7.2 Lasso

Lasso stands for “least absolute shrinkage and selection operator”. Like ridge, lasso adds a penalty for coefficients, but instead of penalizing the sum of squared coefficients (L2 penalty), lasso penalizes the sum of absolute values (L1 penalty). As a result, for high values of \(\lambda\), coefficients can be zeroed under lasso.

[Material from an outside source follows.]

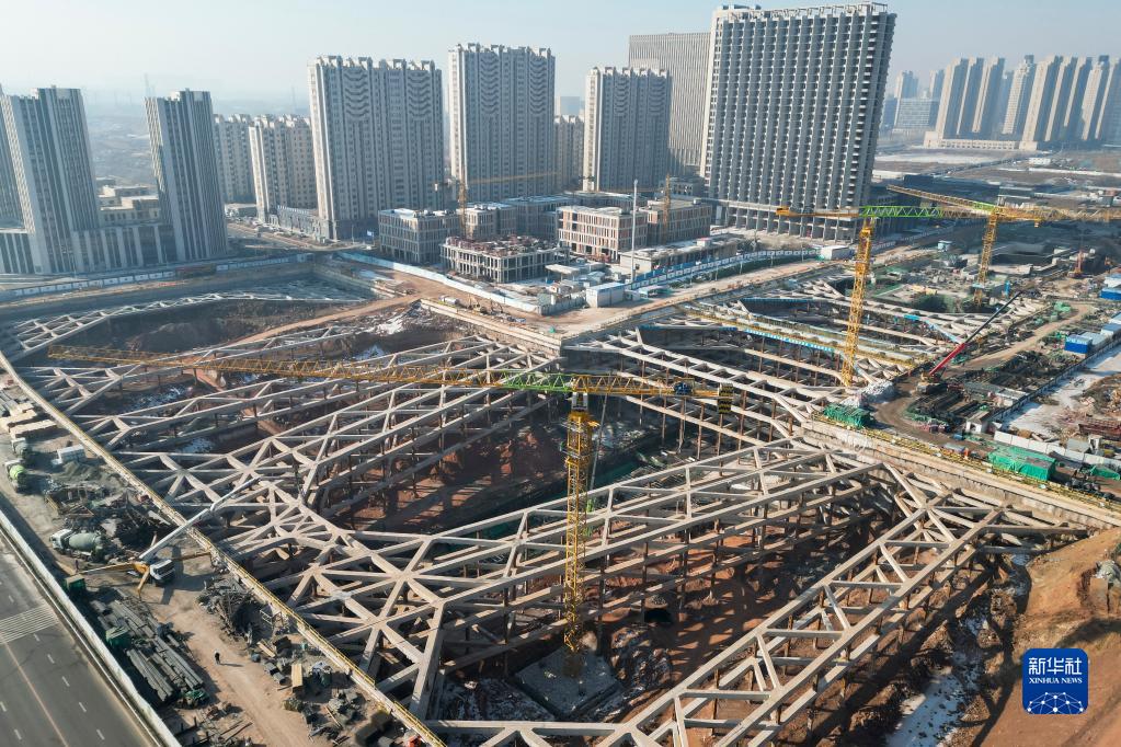 2月23日拍攝的長(cháng)春市城市軌道交通6號線(xiàn)03標段三工區華慶路站施工現場(chǎng)(無(wú)人機照片)。
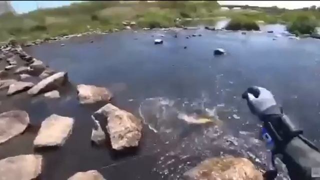 Иммигрант из СНГ живущий в Корее, охотится с рогаткой на крупных сазанов и толстолобов. Там эта рыбалка узаконена.

The loss function for lasso is

\[L = \sum_{i = 1}^n \left(y_i - x_i^{'} \hat\beta \right)^2 + \lambda \sum_{j=1}^k \left| \hat{\beta}_j \right|.\]

Example

Continuing with prediction of mpg from the other variables in the mtcars data set, follow the same steps as before, but with ridge regression. This time specify parameter alpha = 1 for ridge regression (it was 0 for ridge, and for elastic net it will be something in between and require optimization).

set.seed(1234)
mdl_lasso <- train(
  mpg ~ .,
  data = training,
  method = "glmnet",
  metric = "RMSE",
  preProcess = c("center", "scale"),
  tuneGrid = expand.grid(
    .alpha = 1,  # optimize a lasso regression
    .lambda = seq(0, 5, length.out = 101)
  ),
  trControl = train_control
  )

## Warning in nominalTrainWorkflow(x = x, y = y, wts = weights, info = trainInfo, :
## There were missing values in resampled performance measures.

mdl_lasso$bestTune

##    alpha lambda
## 14     1   0.65

The summary output shows the model did not tune alpha because I held it at 1 for lasso regression. The optimal tuning values (at the minimum RMSE) were alpha = 1 and lambda = 0.65. You can see the RMSE minimum on the the plot.

ggplot(mdl_ridge) +
  labs(title = "Lasso Regression Parameter Tuning", x = "lambda")